[What the exercise asks]: Only the lines from the one containing "Shenzhen V&T Technologies" through the end of the listing are to be repeated, exactly and without pictures.

[Material to process]:
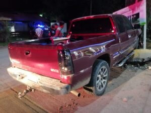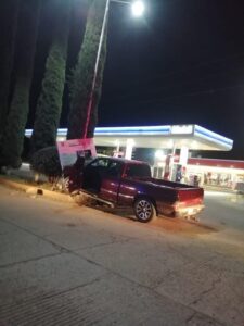 La unidad que terminó con severos daños y que terminó impactada de frente contra el inicio del camellón, dañando además un anuncio de señaletica y el poste de una luminaria, corresponde a una camioneta GMC Sierra, color guinda, placas con folio de UNTRAC 6355, la cual fué asegurada y trasladada a la pensión, siendo puesta a disposición del Agente del Ministerio Público del Fuero Común.
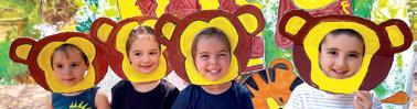 Entrano le scimmie ballando e imitando l’andatura dell’animale, quindi dicono in coro: Non si litiga!
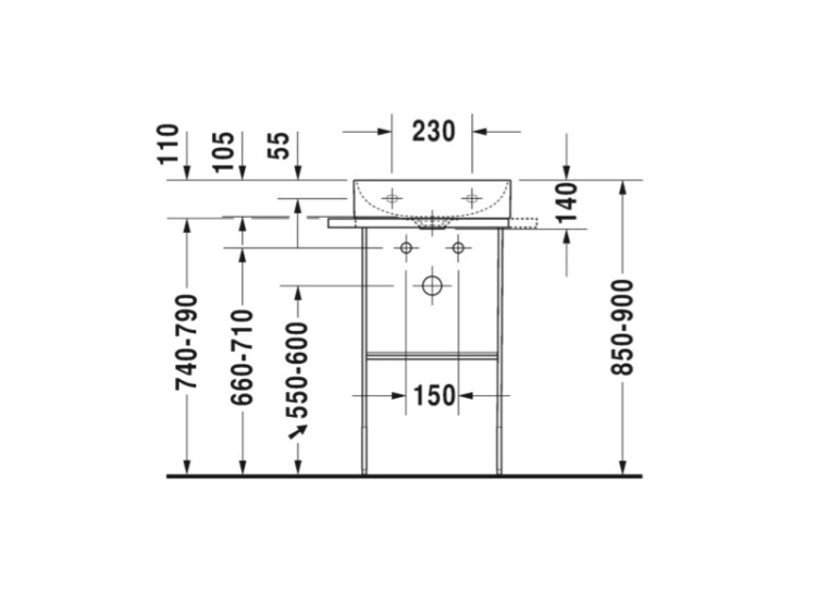 Консоль, Duravit, DuraSquare, для раковины, ширина, мм-516, глубина, мм-333, высота, мм-740*790, регулировка по высоте + 50 мм, тип установки-напольный, крепления в комплекте, материал-металл, цвет-черный матовый, полотенцедержатель встраиваемый-справа/слева Консоль, Duravit, DuraSquare, шг 516*333*740*790, цвет-черный матовый
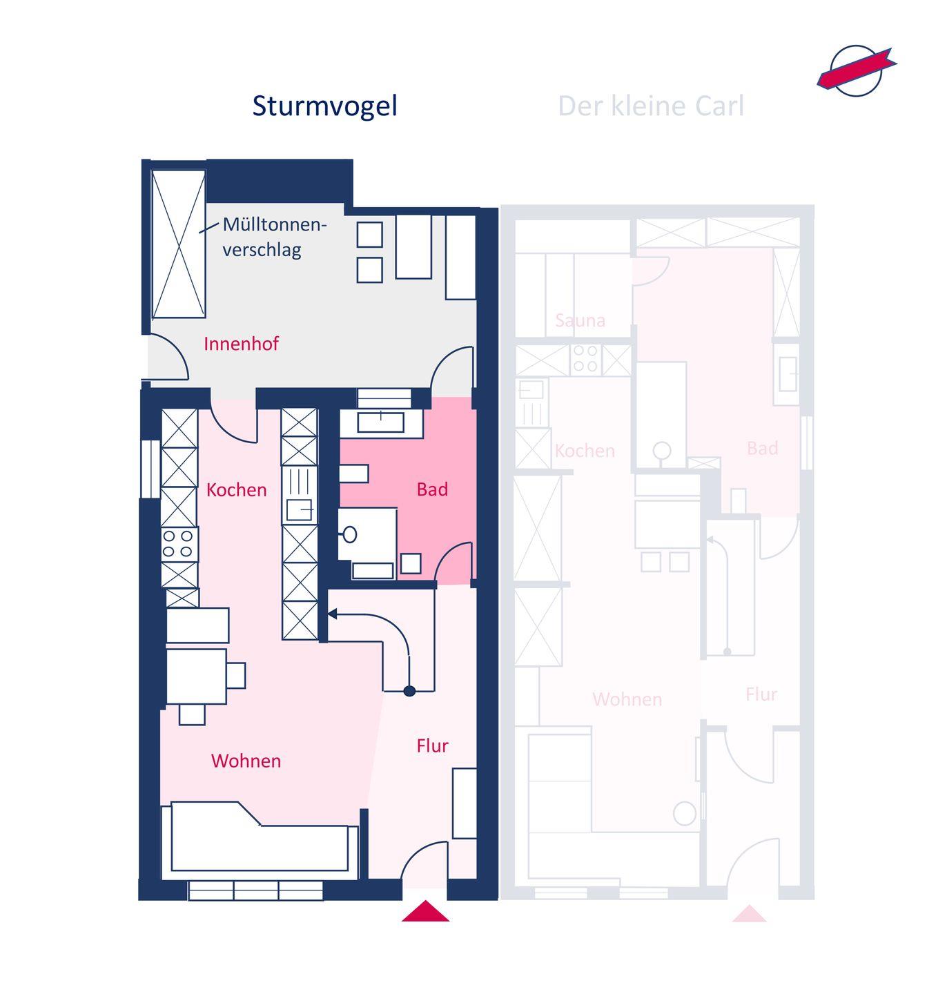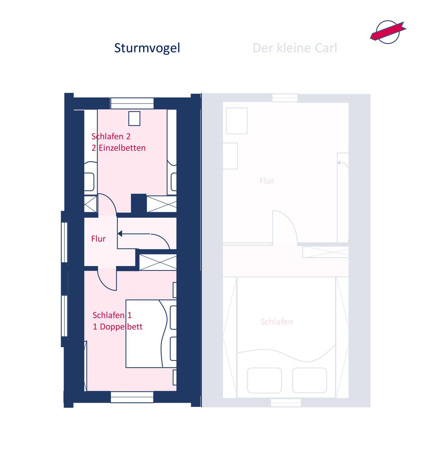 Das Ferienhaus Sturmvogel wurde im Jahr 2023 aufwendig saniert und verfügt über 2 Schlafzimmer und 1 Bad und bietet somit komfortabel Platz für bis zu 4 Personen zuzüglich einer Kleinkinderaufbettung. Die Mitnahme eines Hundes ist auf Anfrage gestattet.
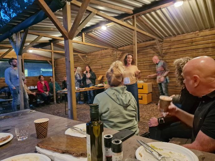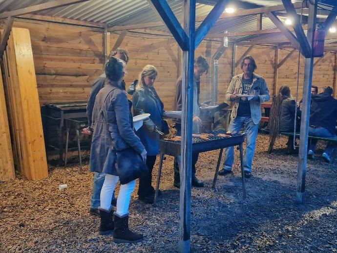 Er stond bij aankomst een voortreffelijke maaltijd gereed met een barbeucue en drankjes. Vlees, soep, stokbrood, salades, maar ook voor de vegetariërs was gezorgd.
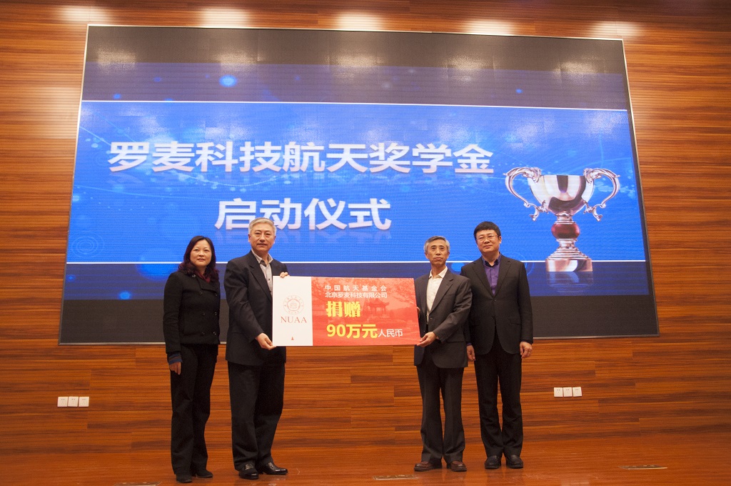 在随后进行的“罗麦科技航天奖学金”启动仪式中,张声远、王相东、陈卫东、张钟勤共同为“罗麦科技航天奖学金”揭幕,张声远宣布中国航天基金会、北京罗麦科技有限公司启明公益基金会共同向南航英国正版365官方网站捐赠90万元人民币,用于奖励南航英国正版365官方网站学习成绩优异、创新能力突出的学子。英国正版365官方网站党委副书记李和新宣读了第一届“罗麦科技航天奖学金”的获奖学生名单。到场嘉宾为获奖学生进行了颁奖。
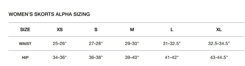 - SKORT LENGTH BY SIZE: XS – 15 1/8”, S – 15 1/2”, M – 15 7/8”, L – 16 1/4”, XL – 16 5/8”
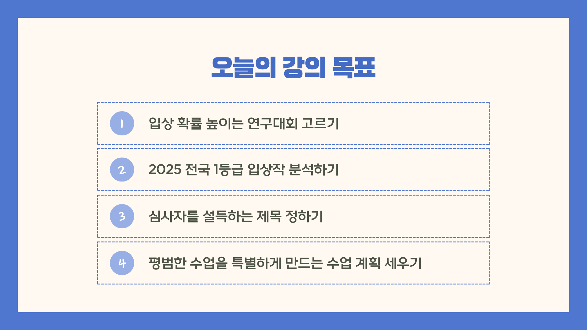2025 전국 1등급과 함께 연구대회 준비하기 - 시작이 반이다
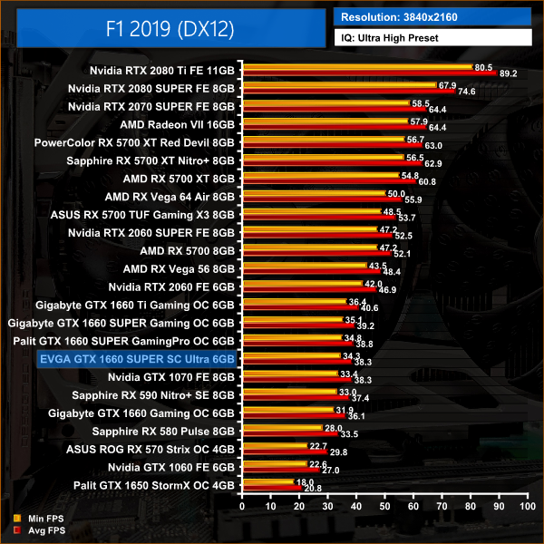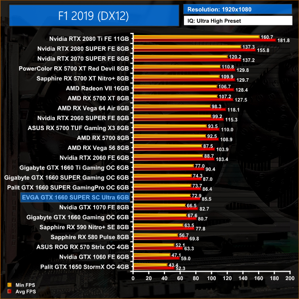 Just 1.5FPS separates the EVGA SC Ultra from the Gigabyte Gaming OC when playing F1 2019 at 1080p, so this card is still pushing over 80FPS on average.
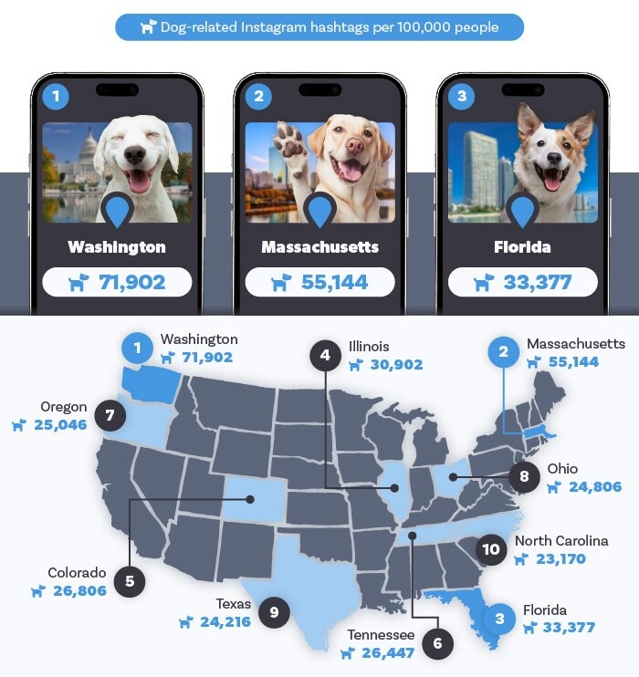 Washington tops the list with 1.1 million dog-related Instagram hashtags, equating to 71,902 posts per 100,000 residents. Known for its outdoor-loving culture, Washington's residents frequently showcase their dogs walking through the snow, splashing in rivers, and frolicking through flower-filled forests.
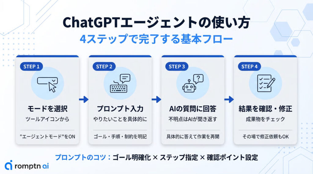 ChatGPTエージェントの使い方はとても簡単で、普段からChatGPTを使っている方はすぐに使い始めることができます。
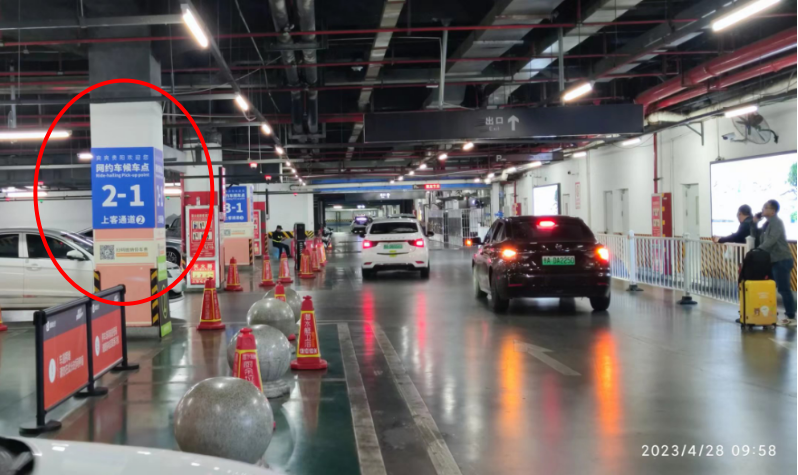 三.搬迁至西广场地下二层停车场的网约车上客区已完成通道建设和引导标志、标牌布设,提醒网约车驾驶员注意行车安全和规范运营。
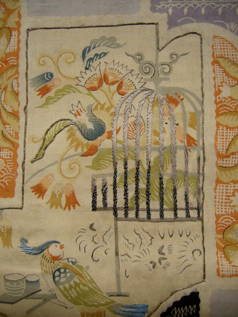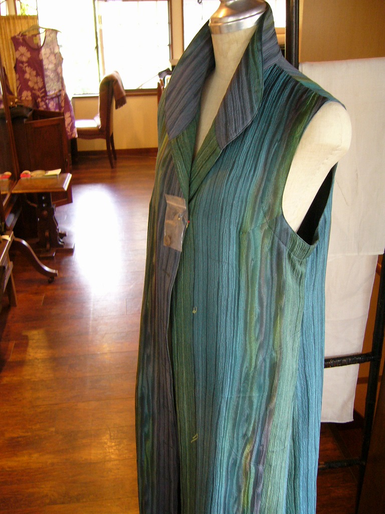 ~~かやぶきの家で着物(新、古、アンティーク)を中心として残糸縫のバッグ(川内千明作)、
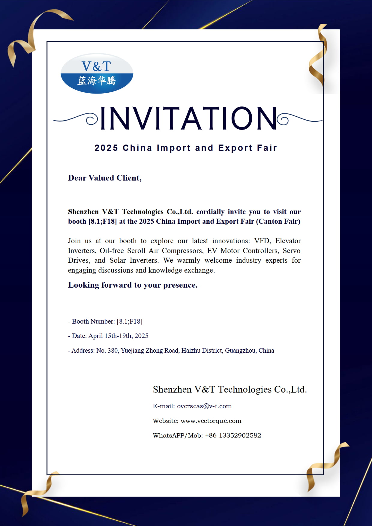 Shenzhen V&T Technologies Co., Ltd. invitarte cordialmente a visitar nuestro stand [8.1; F18] en el 2025 Feria de importación y exportación de China (Feria de Canton)
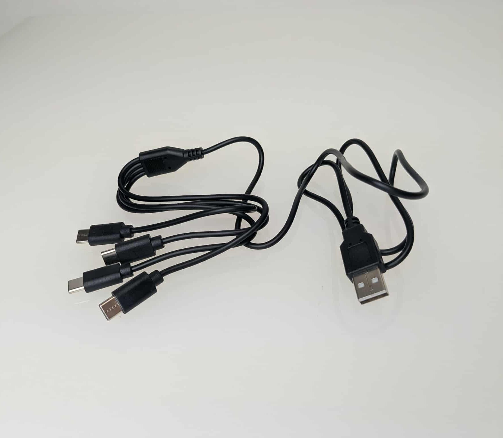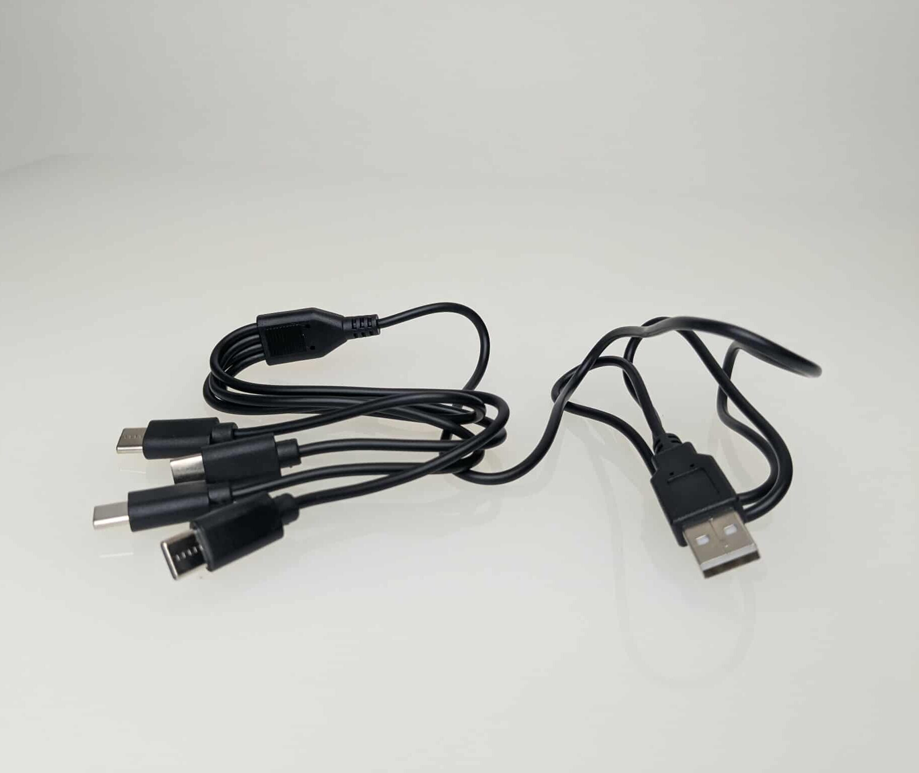 Quad Charger for Silent Sound System 10-Channel Silent Disco Headphones charges up to 4 headphones at a time. USB A to USB C Quad-Charger cable.
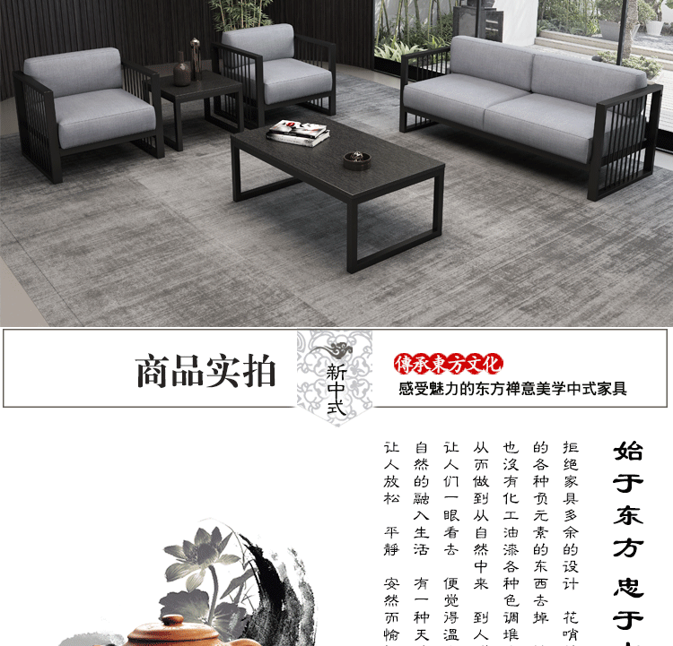 새로운 중국 스타일 패브릭 선 간단한 스타일 티 룸 골동품 이동식 및 세척 가능한 현대 사무실 소파 커피 테이블 조합
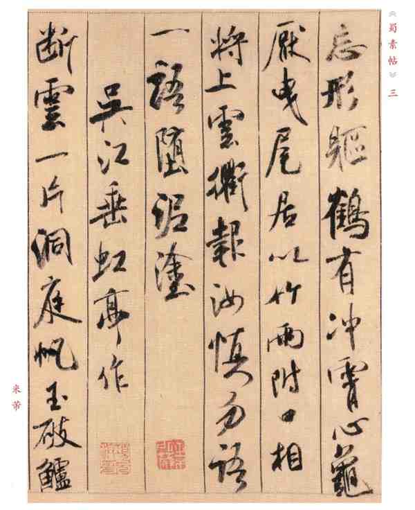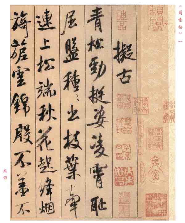 米芾《蜀素帖》共556字,抄录在织出的乌丝栏上共有五七言自作诗8首。全卷纵27.8厘米,横270.8厘米,凡71行。现藏台北故宫博物院。
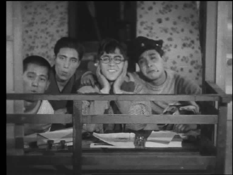 On the other hand, we do get the entirety of 1930's I Flunked, But..., which goes back to the college setting for a look at how exam time swirls students both responsible and careless around our protagonist, Takahashi (Ozu regular Tatsuo Saito), an easily-distracted guy whose four roommates want to buckle down and study while his other friends want to party and c
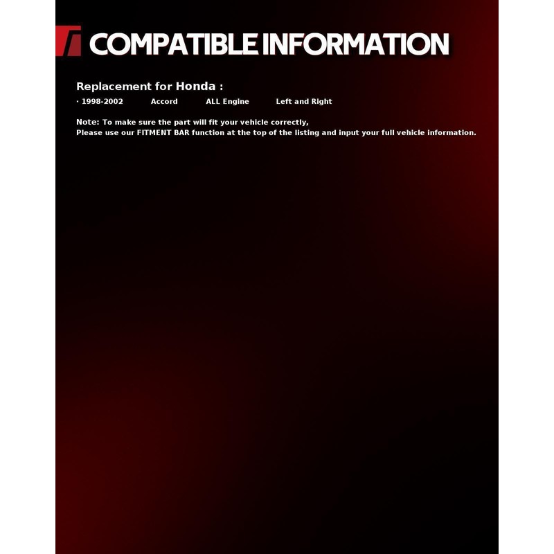- 【Vehicle Fitment】Torchbeam Head Light Assembly Compatible with Honda Accord 1998 1999 2000 2001 2002. OE # 33151S84A01, OE # 33101S84A01. The headlight assembly housings are made of premium OEM Grade ABS plastic ensure excellent resistance from branches, gravel and some collisions.

[Solution below]:
 Shenzhen V&T Technologies Co., Ltd. invitarte cordialmente a visitar nuestro stand [8.1; F18] en el 2025 Feria de importación y exportación de China (Feria de Canton)
 Quad Charger for Silent Sound System 10-Channel Silent Disco Headphones charges up to 4 headphones at a time. USB A to USB C Quad-Charger cable.
 새로운 중국 스타일 패브릭 선 간단한 스타일 티 룸 골동품 이동식 및 세척 가능한 현대 사무실 소파 커피 테이블 조합
 米芾《蜀素帖》共556字,抄录在织出的乌丝栏上共有五七言自作诗8首。全卷纵27.8厘米,横270.8厘米,凡71行。现藏台北故宫博物院。
 On the other hand, we do get the entirety of 1930's I Flunked, But..., which goes back to the college setting for a look at how exam time swirls students both responsible and careless around our protagonist, Takahashi (Ozu regular Tatsuo Saito), an easily-distracted guy whose four roommates want to buckle down and study while his other friends want to party and c
- 【Vehicle Fitment】Torchbeam Head Light Assembly Compatible with Honda Accord 1998 1999 2000 2001 2002. OE # 33151S84A01, OE # 33101S84A01. The headlight assembly housings are made of premium OEM Grade ABS plastic ensure excellent resistance from branches, gravel and some collisions.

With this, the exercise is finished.